(... Touched ...)
von Ursula Rani Sarma
Deutsch von Anna Opel
1D, 3H
UA: August 1999, Hillstreet Theatre, Edinburgh
DSE: 06.11.2005, Thalia Theater, Hamburg
Dublin in der Silvesternacht 1999. Die Geschwister Cora und Mikey sind
auf der Flucht: vor der Polizei, vor der Vergangenheit, vor ihrer
Erinnerung. Versteckt in einem Unterschlupf, den ihnen der Straßenjunge
Macca gewährt, beginnen die beiden, ihre Geschichte zu erzählen.
Nach dem Tod ihrer Mutter wachsen die Kinder bei Onkel Dan und Tante
Mary auf dem Lande auf. Die beiden führen einen Pub und kümmern sich
mehr um die Geschäfte als die Erziehung der Kinder. Lebendig begraben
im tristen Landleben, beschließen Cora und Mikey zu verschwinden. Ziel
der inzwischen Herangewachsenen ist Dublin, der Inbegriff ihrer
Sehnsucht nach einer anderen Wirklichkeit. Doch die ländliche
Eintönigkeit ist nicht der einzige Grund ihrer überstürzten Abreise –
vor allem Cora hat ein Geheimnis, das sie seit ihrem zehnten Geburtstag
mit sich herumträgt, als der schmierige Doktor Cloughasy das Mädchen zu
einem Himbeereis am Strand einlädt.
Als sie endlich die Großstadt erreichen und damit das erhoffte Leben
ohne Geheimnisse, ohne Dunkelheit, ohne Verzweiflung, entpuppt sich die
Realität von Dublin als weit entfernt vom Ort ihrer Träume.
Durchgebrannt zeichnet den verzweifelten Weg zweier Teenager aus
einer trostlosen Situation, der schließlich in die Kriminalität führt.
Die Erzähltechnik ist dabei raffiniert und packend. Die Vorgeschichte
der Kinder wird in Rückblenden aus den verschiedenen Perspektiven der
Geschwister mit unterschiedlichen Akzenten erzählt. Dabei geht die
Autorin subtil vor, lässt vieles im Dunkeln und macht aus der
albtraumhaften Irrfahrt der beiden ein spannendes psychologisches
Drama, bei dem jede ihrer Figuren schrittweise ihre Unschuld verliert.

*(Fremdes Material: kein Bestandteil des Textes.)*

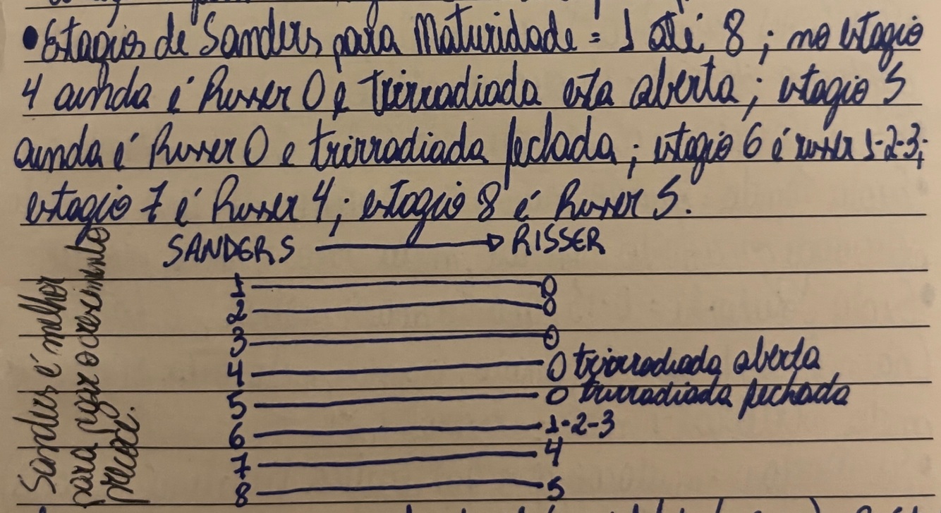 Relação Estágios de Sanders e Risser para maturidade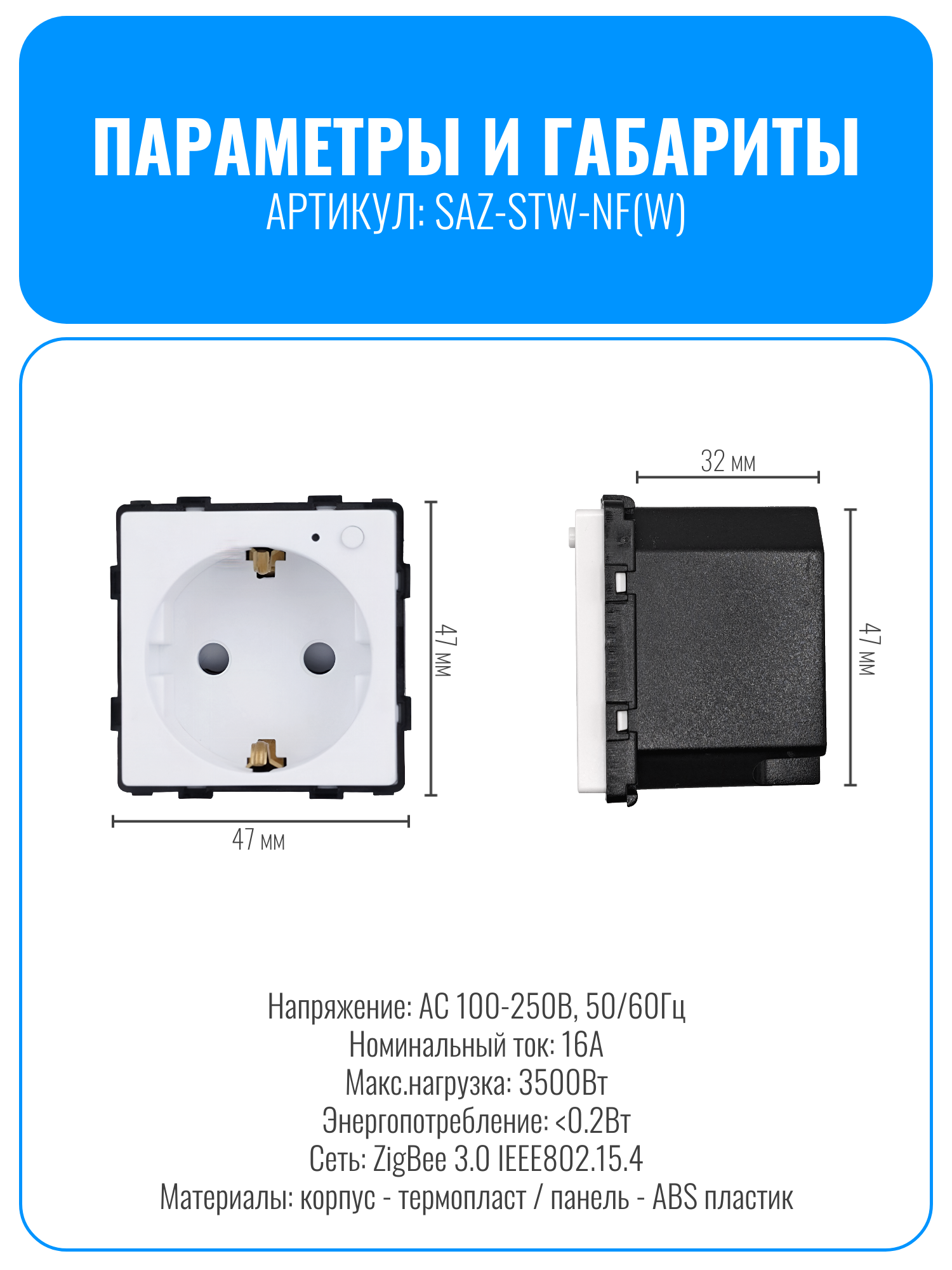 Умная ZigBee розетка Smart Aura SAZ-STW-NF серии Classic предназначена для автоматизации бытовых электроприборов. С ее помощью можно удаленно включать и выключать устройства, а также настраивать таймеры и индивидуальные сценарии работы. Управлять розеткой можно тремя способами: с помощью кнопки на корпусе, через мобильное приложение или с помощью голосовых команд.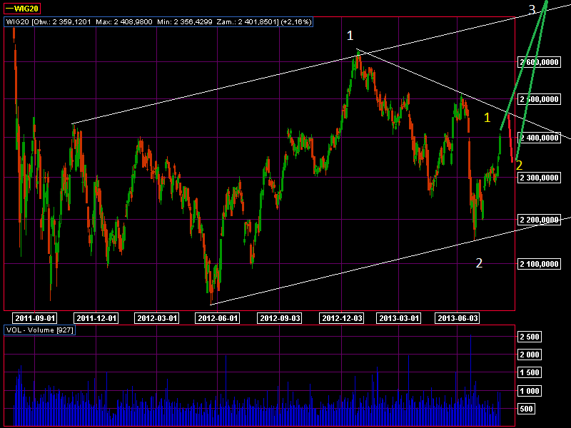 Nie wiem czy nie szkoda kapitału. Dojedziemy do górnego ograniczenia kanału i powinniśmy zrobić korektę. Docelowo jedziemy na 2950 robiąc dużą trójkę.

Was an szenischer aktueller Handlung ausgespart ist, wird durch die
unterschiedlichen Sprachlichkeiten und Töne der Figuren und die
verschiedenen zeitlichen Ebenen der Erzählung kompensiert. Ursula Rani
Sarma nutzt die Imaginationskraft der Sprache, um das Gesetz der
Einheit von Ort, Zeit und Raum mühelos außer Kraft zu setzen. Allein
durch simple szenische Mittel gelingt es, die ganze Geschichte,
ausgehend von einer einzigen Situation, entlang der inneren Logik der
Figuren und deren Erinnerung zu erzählen.
Durchgebrannt ist das erste Stück der jungen irischen Autorin,
das 1999 auf dem Edinburgh Fringe Festival uraufgeführt und von Kritik
und Publikum enthusiastisch aufgenommen wurde. Ihr zweites Stück Blau
wurde 2004 mit dem Publikumspreis des Heidelberger Stückemarkts
ausgezeichnet und war seitdem in verschiedenen Inszenierungen u. a. am
Theater an der Sihl in Zürich, am Deutschen Schauspielhaus in Hamburg
und am Heidelberger Theater zu sehen.
Die Erstaufführungsinszenierung von Durchgebrannt vom Thalia Theater Hamburg wurde mit dem Bensheimer Theaterpreis 2006 ausgezeichnet.